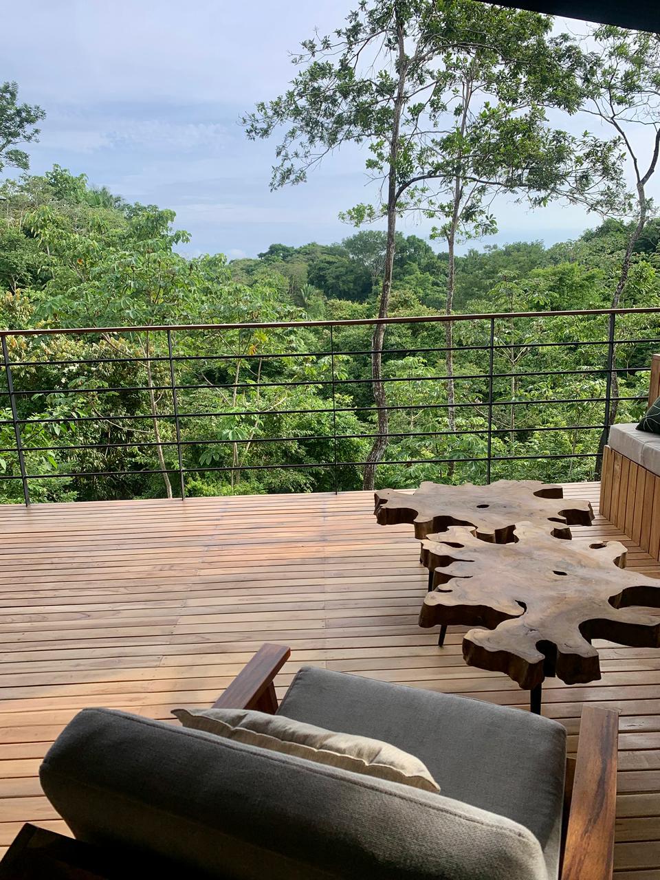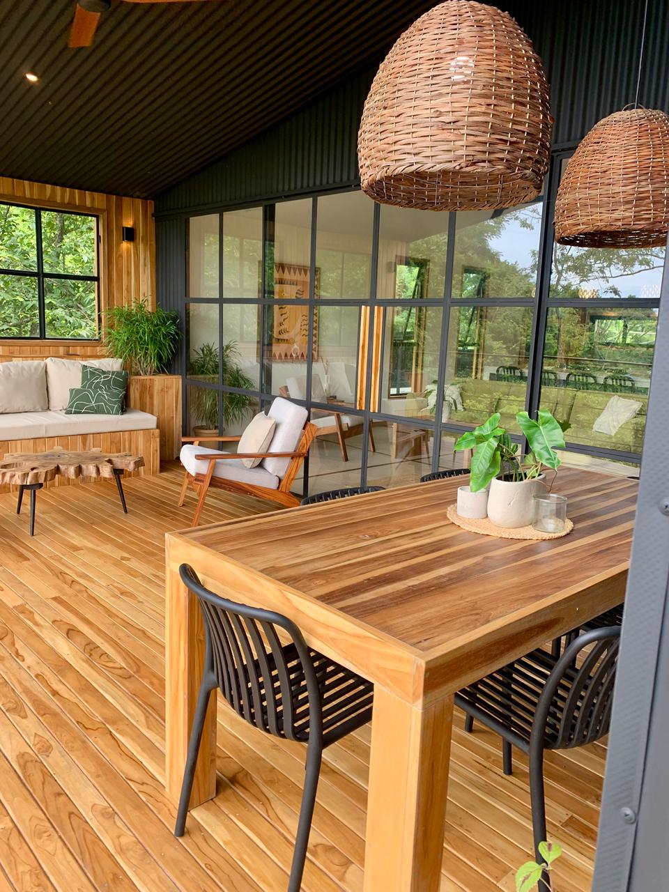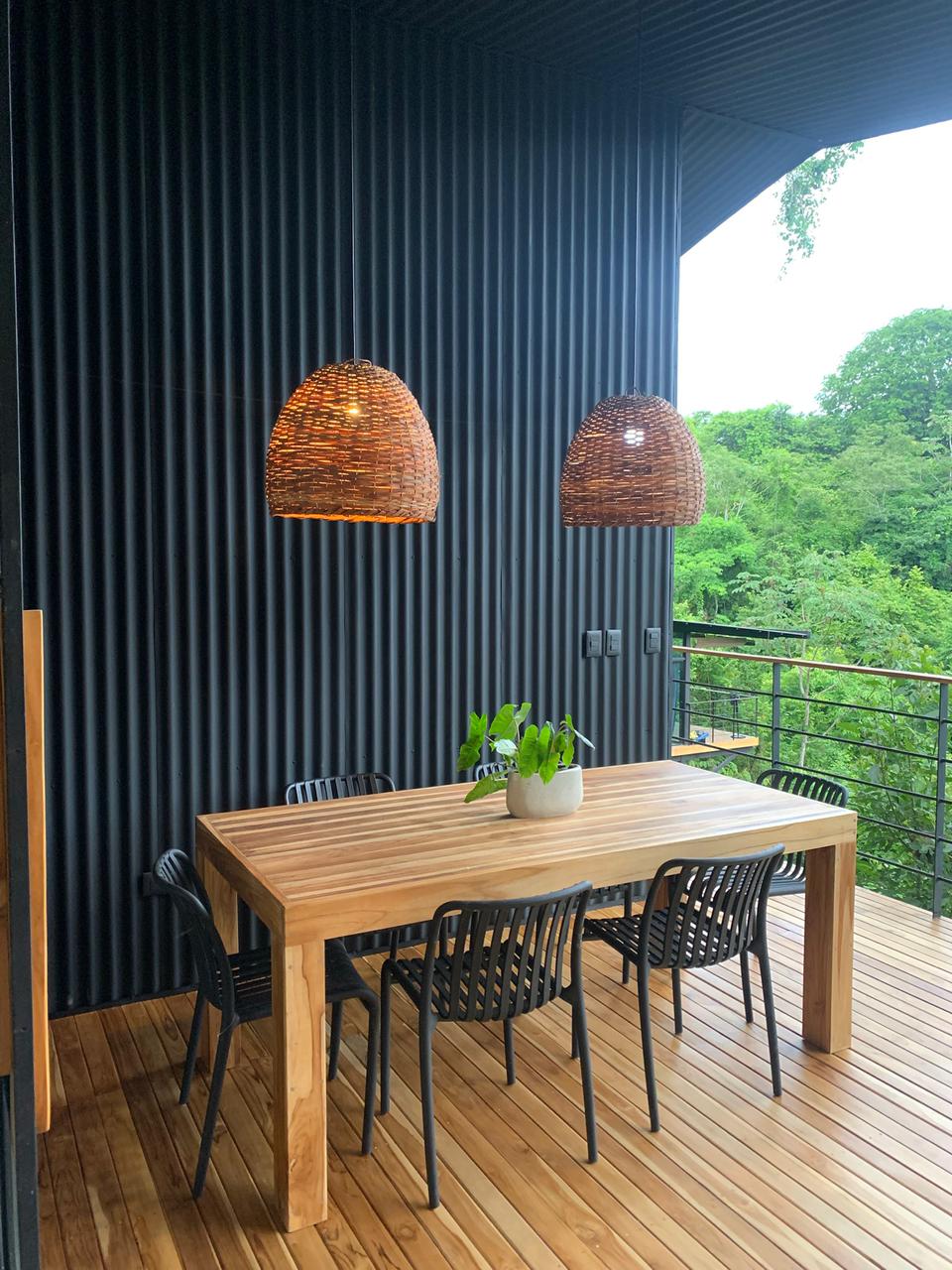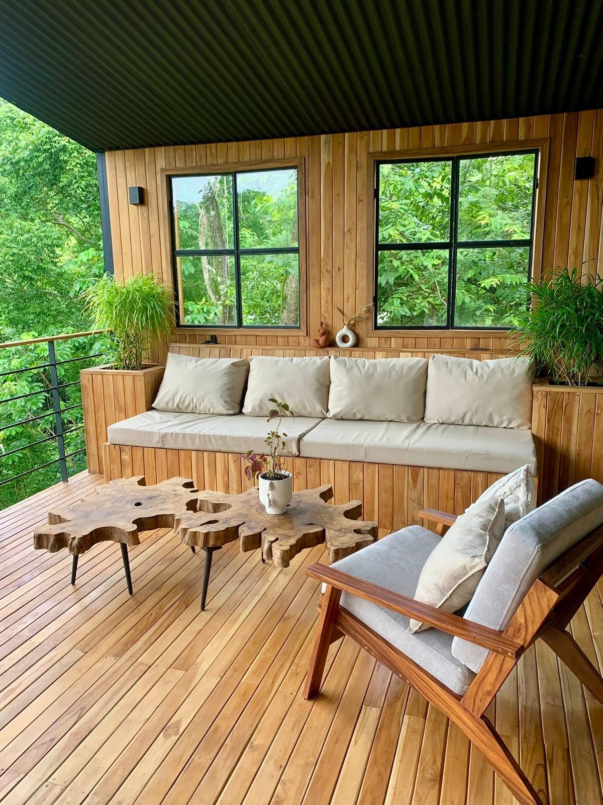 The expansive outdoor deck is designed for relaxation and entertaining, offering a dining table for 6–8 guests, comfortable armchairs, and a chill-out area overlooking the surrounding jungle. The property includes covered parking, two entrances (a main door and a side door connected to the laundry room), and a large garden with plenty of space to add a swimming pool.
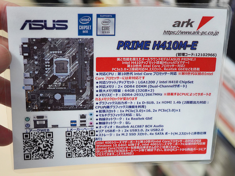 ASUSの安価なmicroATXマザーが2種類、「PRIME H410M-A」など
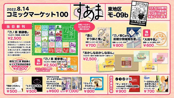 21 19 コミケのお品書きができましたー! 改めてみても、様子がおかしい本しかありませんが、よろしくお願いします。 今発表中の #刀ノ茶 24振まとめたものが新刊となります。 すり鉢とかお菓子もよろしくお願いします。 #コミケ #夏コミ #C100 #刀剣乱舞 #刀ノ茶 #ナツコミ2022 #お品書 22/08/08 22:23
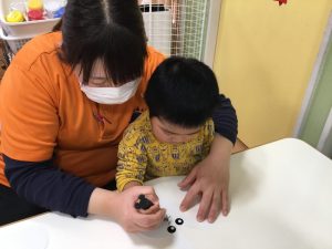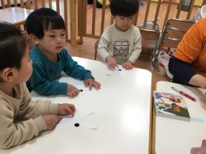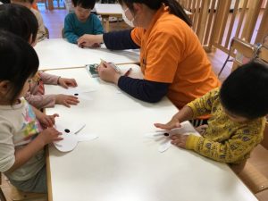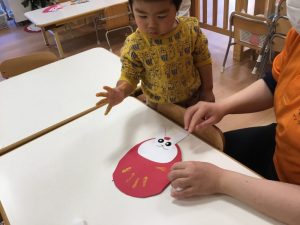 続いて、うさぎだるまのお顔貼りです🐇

> YOUR OBJECTIVE: Drop every picture from the data, then output all the rest exactly.

> EXERCISE ANSWER:
 The expansive outdoor deck is designed for relaxation and entertaining, offering a dining table for 6–8 guests, comfortable armchairs, and a chill-out area overlooking the surrounding jungle. The property includes covered parking, two entrances (a main door and a side door connected to the laundry room), and a large garden with plenty of space to add a swimming pool.
 ASUSの安価なmicroATXマザーが2種類、「PRIME H410M-A」など
 21 19 コミケのお品書きができましたー! 改めてみても、様子がおかしい本しかありませんが、よろしくお願いします。 今発表中の #刀ノ茶 24振まとめたものが新刊となります。 すり鉢とかお菓子もよろしくお願いします。 #コミケ #夏コミ #C100 #刀剣乱舞 #刀ノ茶 #ナツコミ2022 #お品書 22/08/08 22:23
 続いて、うさぎだるまのお顔貼りです🐇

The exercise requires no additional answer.